R: Sekarang dia jadi penentang demokrasi, makanya
gendut.
M dan B: Ha-ha-ha.
Apa yang
terjadi di atas? Sederhana: humor agar teman terhibur. B biasa melakukannya.
Jadi wajar R menanggapinya dengan seloroh pula. Di situ, M dan R tidak
mempermasalahkan perut B yang belakangan terlihat agak buncit. Tidak pula
memandang sikap antidemokrasi sebagai kekeliruan dan berkorelasi positif
dengan ukuran perut seseorang.
Namun
sebagai bekas manusia kurus kering, B hanya merasa seperti terus-terusan
dibuat salah dengan keadaannya. Kurus diejek, gemuk juga. Apalagi kalau pada
punya gadget baru, malah kemudian disebut “kapitalis”. Dapat dimaklumi
pelabelan itu hanya ejekan. Tidak serius. Kemampuan membeli produk teknologi
terbaru dan ukuran besar tubuh tidak bisa dijadikan indikator untuk
mengidentifikasi keberpihakan ideologis seseorang. Namun di dalam pemakaian
istilah tersebut ada kerancuan yang perlu diulas, baik saat dipakai dalam
konteks mengejek maupun sindiran serius.
Kerancuan itu
Mengapa
orang yang menikmati hasil kerja dari pabrik-pabrik kapitalis dilabel
“kapitalis”? Bagaimana caranya orang yang tidak berkapital melainkan hanya
mengonsumsi kreasi dari penggunaan kapital lantas dicap sebagai pemilik
kapital?
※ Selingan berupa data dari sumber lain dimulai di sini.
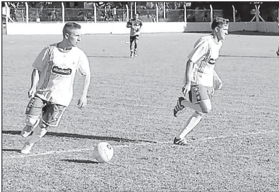
Palmeiras está a um empate das semifinais

Apesar da conversa de intervalo, o Ecas não conseguiu reagir com eficácia. Criava jogadas, mas pecava na finalização. O segundo gol do Palmeiras foi marcado somente aos 8 minutos da etapa final. O atacante Titi recebeu a bola na entrada da grande área e, de biquinho de chuteira, concluiu por cobertura, sem chances ao goleiro Fausto.

Aneh. Logika sederhananya: tidak bermodal untuk keperluan
(re)produksi tetapi disebut kapitalis. Ini jelas membingungkan.
Predikat
“kapitalis” kini tak hanya mengacu pada pemilik modal semata, sebagaimana
pengertian sebenarnya. Orang yang tak bermodal (berkapital), sejauh ia
menikmati produk-produk dari perusahaan para kapitalis, disebut kapitalis
pula. Terjadi “perluasan” definisi. Inilah masalah yang kerap muncul dalam
masyarakat yang tidak menjadikan pencarian atas keabsahan dari satu atau
beberapa informasi (pengetahuan) sebagai budayanya. Bahkan di banyak kalangan
lulusan perguruan tinggi, ini belum menjadi kebiasaan. Tidak ada jaminan
ketika berhasil masuk dan lulus dari perguruan tinggi seseorang akan selesai
dari masalah pelurusan konseptual.
Jika
definisi “kapitalis” yang diperlebar tadi diterima, maka kita semua adalah
kapitalis! Ah, yang benar saja. Masa orang yang memiliki Samsung S5 tetapi
kesulitan mendapat makan malam; orang yang memiliki keluaran terbaru Apple
tetapi pagi-siang-malam didatangi debt
collector; atau orang yang belanja di Carrefour tetapi rekening listrik
sering menunggak lantas kita sebut kapitalis? Di zaman ini, orang-orang
merasa tak perlu menunggu tercukupi dulu kebutuhan primer dan sekundernya
sebelum memenuhi aneka keperluan tersier. Maka jangan heran mereka yang
menikmati beberapa barang mewah dari pengolahan kapital ternyata masih sulit
memenuhi kebutuhan dasar untuk sekadar bertahan hidup.
Mereka
bisa disebut korban kapitalisme kalau lebih banyak menghabiskan hidupnya
untuk memenuhi hasrat belanja. Sementara kapitalis bahagia karena menangguk
keuntungan dari si korban yang merasa bahagia pula. Kapitalisme menghasilkan
korban-korban, dan mereka semua bahagia menjadi korban. Karena masyarakat
gila belanja, maka kapital semakin membengkak sehingga para kapitalis bisa
terus hidup sebagaimana mereka biasa hidup: bermewah-mewah, menikmati surplus
sumber daya, berfoya-foya, atau menghasut dan membiayai perang.
Apakah
ini kecenderungan untuk memperlebar makna “kapitalis” dari “pemilik kapital”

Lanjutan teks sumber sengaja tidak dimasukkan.